Thursday 14 February 2013

The Scotch Mist Is Coming....Please Accept This Shortbread!


(Apologies for the appalling Garth Marenghi's Darkplace reference. It's 8am, that's my excuse.)

The above image is from Chronic Illness Cat, a submissions-based Tumblr blog offering a humorous take on being chronically ill - in all shapes and sizes. I thought I'd write a post today about the dreaded "Fibro Fog".

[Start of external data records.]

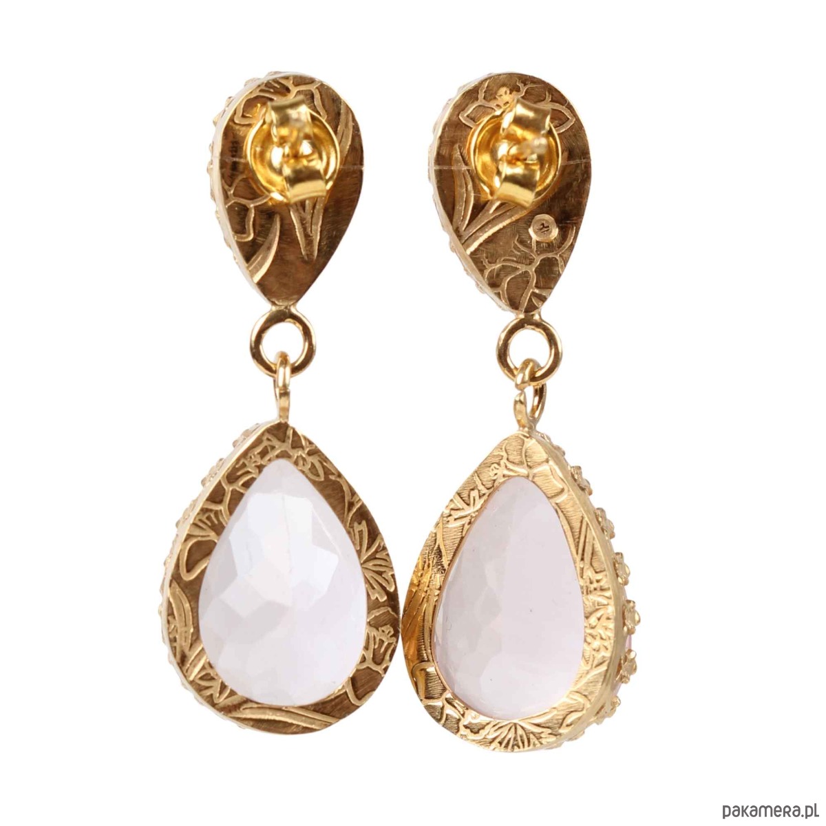 Ręcznie wykonane kolczyki ze srebra pokrytego 24-karatowym złotem z kwarcem różowym i kamieniem księżycowym. Od spodu wykończone kwiecistym wzorem.
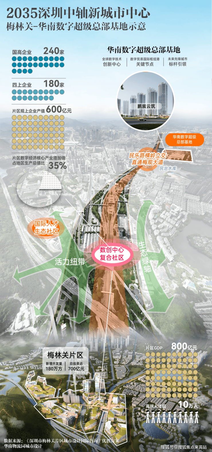 极致的区位:鹏宸云筑所在的区位梅林关片区,位于深港科技创新中轴中部,是龙华七大重点片区之一。
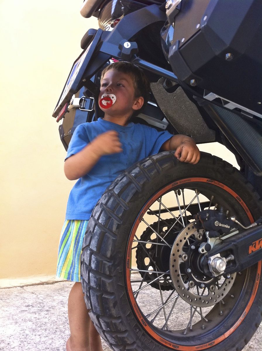 kurz nach nardo (noch 18km bis zum campingplatz "baia di gallipoli") hat sich mein hinterreifen geplättet. super! ...und das kurz nach 2200 uhr... begeisterung macht sich breit. da biegte ne vespa schräg gegenüber in eine einfahrt ein - ich schieb die kleine quer rüber und versuche dem fahrer mein problem zu erklären und der nickt auch verständnisvoll und quatscht mich auf italienisch nieder. meine frage nach deutsch bzw. englisch quitiert er mit einem schulterzucken und verschwindet. während ich den hoffnungslosen versuch starte die @ auf den ständer zu bringen, taucht er mit seinem nachbarn auf, der recht gut deutsch spricht und mir gestattet das motorrad hinter seinem haus zu parken. natürlich kam sofort die ganze familie aus dem haus um mich zu begrüßen und das problem zu begutachten.
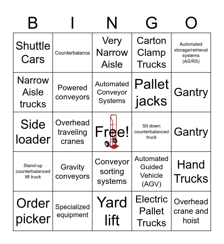 This bingo card has 1 images, a free space and 28 words: Hand Trucks, Platform trucks, Pallet jacks, Electric Pallet Trucks, Narrow Aisle trucks, Very Narrow Aisle, Counterbalance, Stand-up counterbalanced lift truck, Sit down counterbalanced truck, Order picker, Side loader, Carton Clamp Trucks, Specialized equipment, Yard lift, Gantry, Dock board/plate, Gravity conveyors, Powered conveyors, Automated Conveyor Systems, Conveyor sorting systems, Shuttle Cars, Overhead traveling conveyors, Overhead crane and hoist, Overhead traveling cranes, Gantry, Automated Guided Vehicle (AGV), Automated storage/retrieval systems (AS/RS) and Shuttle Cars.
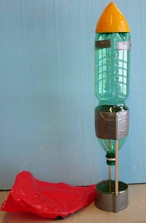 PRESENTAZIONE DEL PROGETTO TIPO Le soluzioni sono parecchie e tutte funzionanti. Va prestata la necessaria attenzione alla precisione nella costruzione dei vari elementi e alla loro unione. Un volo perfettamente verticale esige un allineamento perfetto di tutta la struttura. Il tappo che chiude l’ugello con il relativo sistema di ammissione dell’aria compressa va costruito con la massima attenzione alfine di evitare dannose perdite d’aria. Pensando all’espulsione d’acqua in fase di decollo vale la pena di allungare il condotto dell’aria compressa di qualche metro. La verticalità è garantita da una base orizzontale e piana posata sul terreno o da guide che stabilizzino la partenza. Da studiare le modalità per la discesa. L’impiego di un piccolo paracadute è sufficiente per fare posare il razzo senza danni. Soluzioni più sofisticate sono comunque possibili e meritano uno studio a se. |
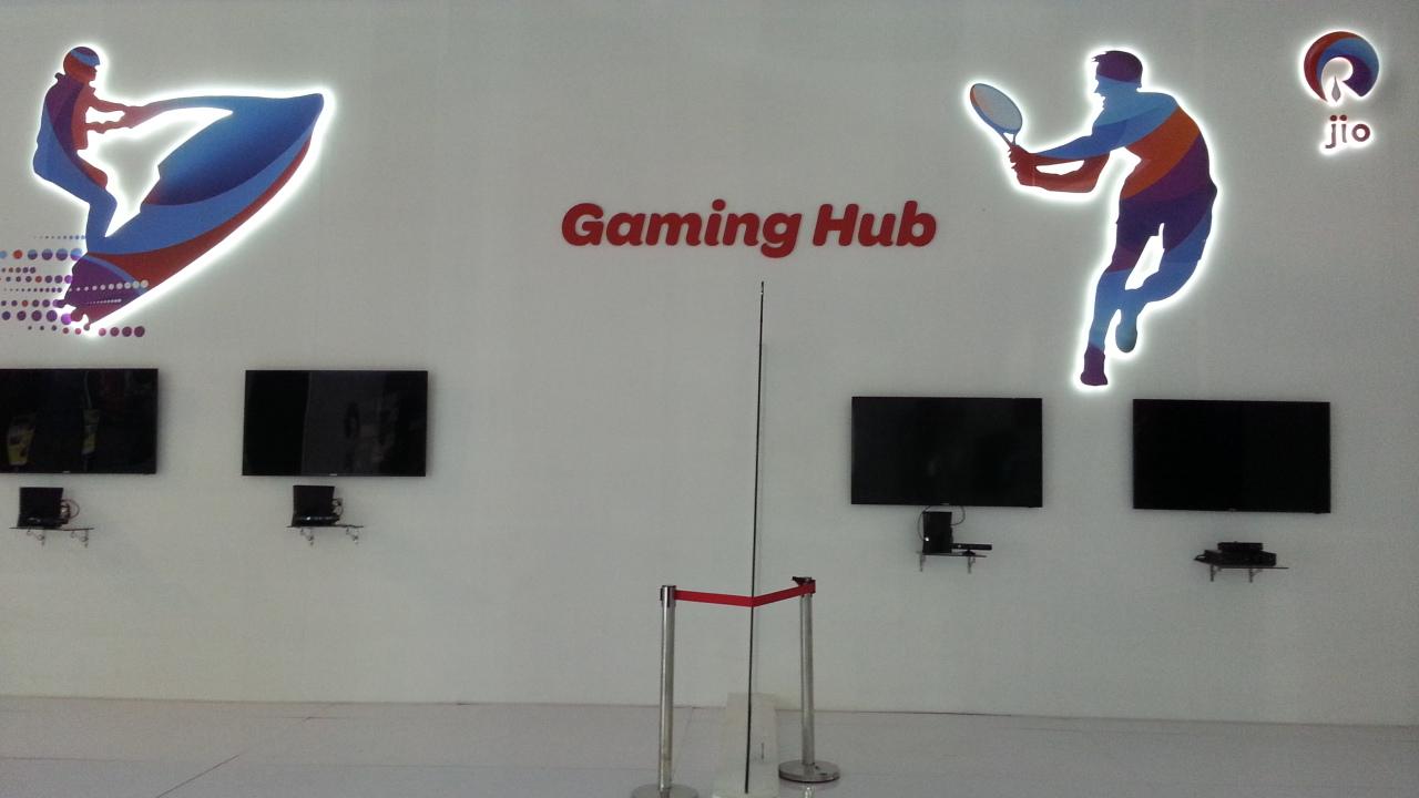While other companies have stalls inside pavilions, Reliance has its own pavilion at Vibrant Gujarat Global Tradw Show. Reliance Pavilion mainly features Jio which is its upcoming product. Gaming, e-payment including e-transaction through mobile phone, video conferencing, TV programmes watching on the go are some of the features of Reliance Jio. The photographs attached with this article will give more clarity on Jio’s offerings.
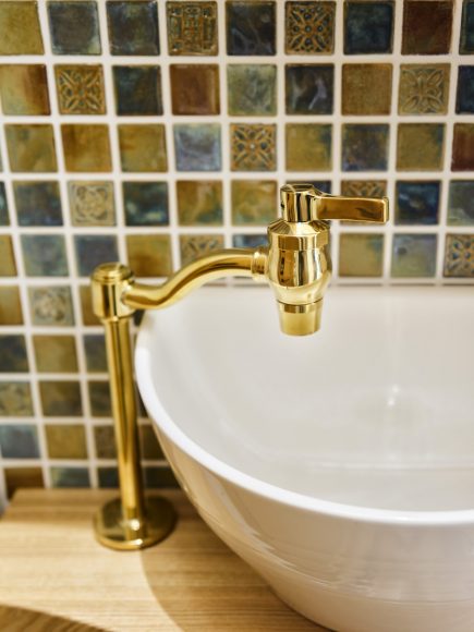 ゴールドの金物がタイルの色味と調和し、温かみのある雰囲気に仕上がっています。
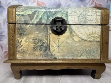 Vintage Mini Trunk/Chest, Old World Map & Tropical Plants Drawing, Wood
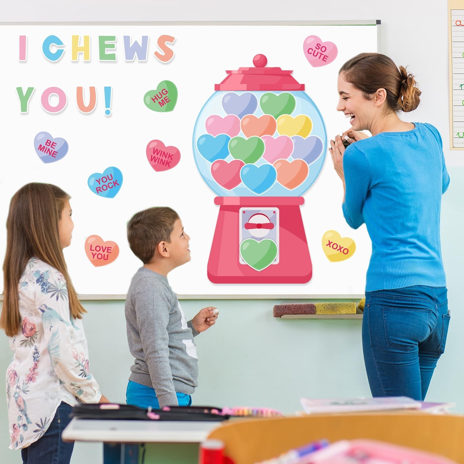 как выглядит 40Pcs Valentines Day Cut-Out Bulletin Board Decor with Glue Point Colorful G... фото
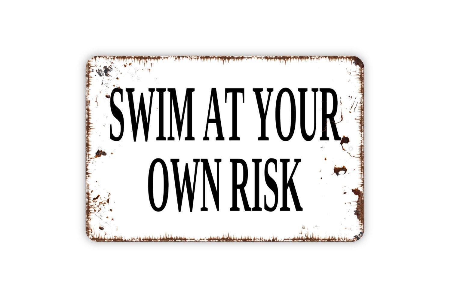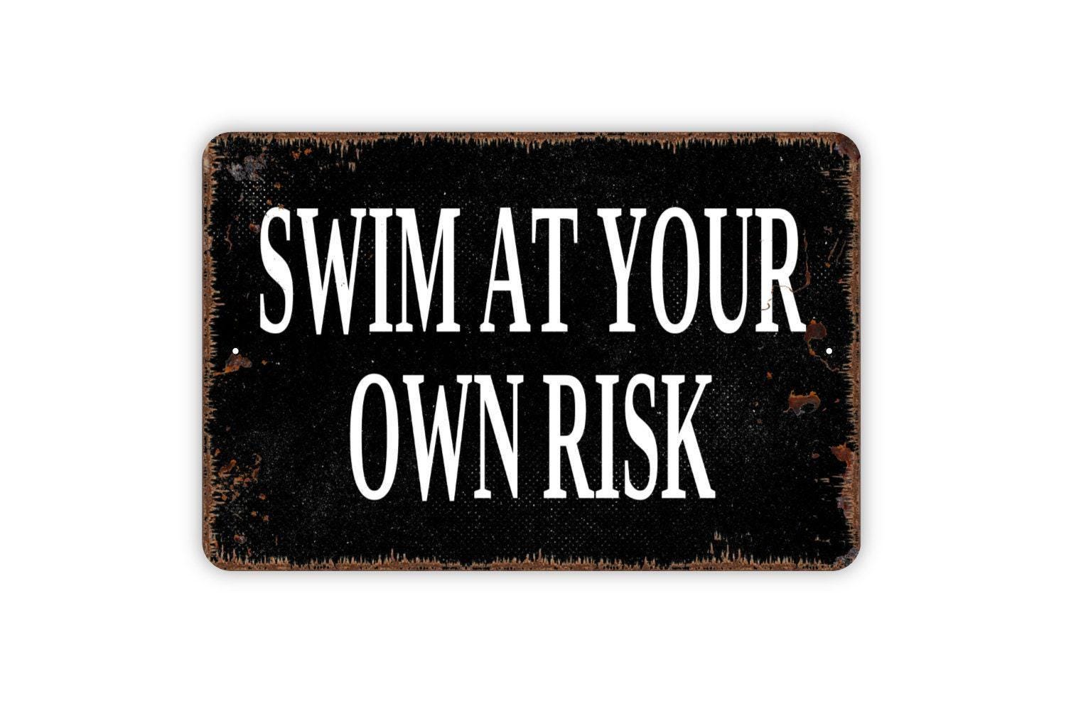 Swim At Your Own Risk Sign - Swimming Pool Warning Metal Wall Art - Indoor or Outdoor
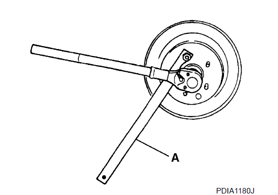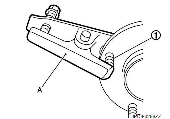 - 14. Выверните болты ступицы (1) из ступицы колеса в сборе, используя приспособление для снятия шаровых шарниров (A) (инструмент для коммерческого обслуживания).
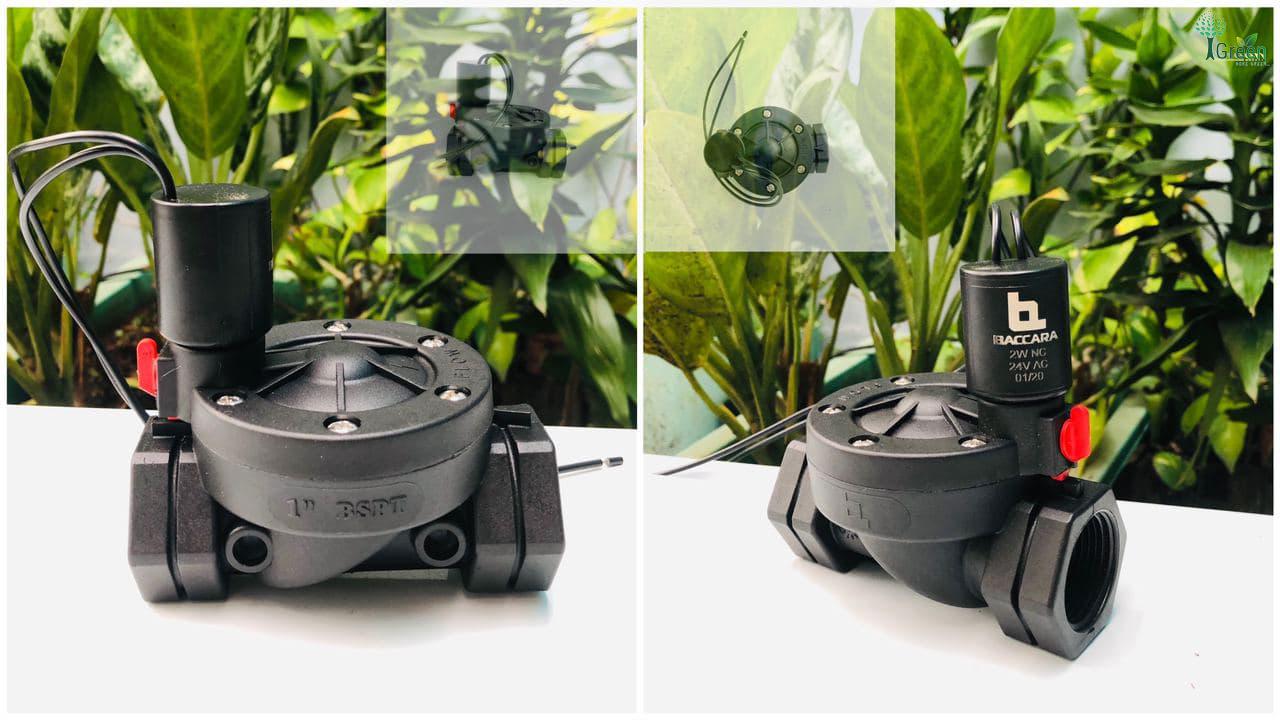 Bộ van điện từ G75 của Baccara – Israel chuyên dùng điều khiển tưới tự động. Van 1” (34mm) có thể tháo rời bên ngoài, giúp dễ dàng bảo dưỡng ngoài ra có van tay giúp xả nước dễ dàng khi gặp sự cố với bộ phận Solenoid.
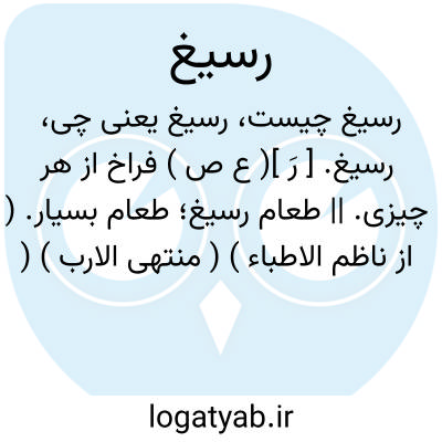 رسیغ. [ رَ ]( ع ص ) فراخ از هر چیزی. || طعام رسیغ؛ طعام بسیار. ( از ناظم الاطباء ) ( منتهی الارب ) ( آنندراج ).
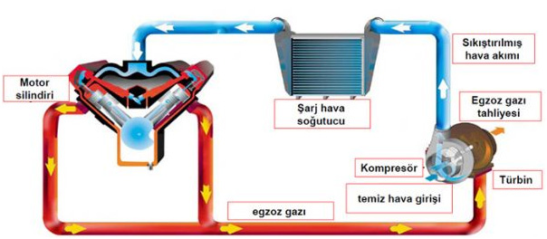 Turbonun görevi daha fazla soğuk havayı motora vererek performansı arttırmaktır. Motorda soğuk hava sıcak havadan daha yoğundur. Bu yüzden motordan içeri giren hava ne kadar yoğun olursa içerdeki patlama o derece şiddetli olur. Bu sayede de üretilen güç ve tork da fazlalaşır. Otomobillerin soğuk havalarda daha iyi performans sergilemesinin sebebi budur. Turbo ise daha fazla soğuk havayı motora vererek performansı artırır.
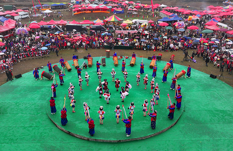 Members of the Miao ethnic group hold a grand event to celebrate this year's harvest in Huishui County, Guizhou Province, February 14, 2025. /VCG

Fibro fog, or brain fog, is an umbrella term for the cognitive difficulties caused by the condition. These include lapses in memory and concentration, mixing up often simple words and general confusion. Brain fog has been the subject of extensive study and the prevailing theory of the moment seems to be that, from the results of functional MRI scans of the brain, the part of the brain dealing with emotion never switches off in chronic pain patients - it is constantly active and attempting to process everything in the surrounding environment. This is thought to effectively "wear out" neurons in the affected areas and generally affect the balance of the brain as a whole. (Arthritis Today)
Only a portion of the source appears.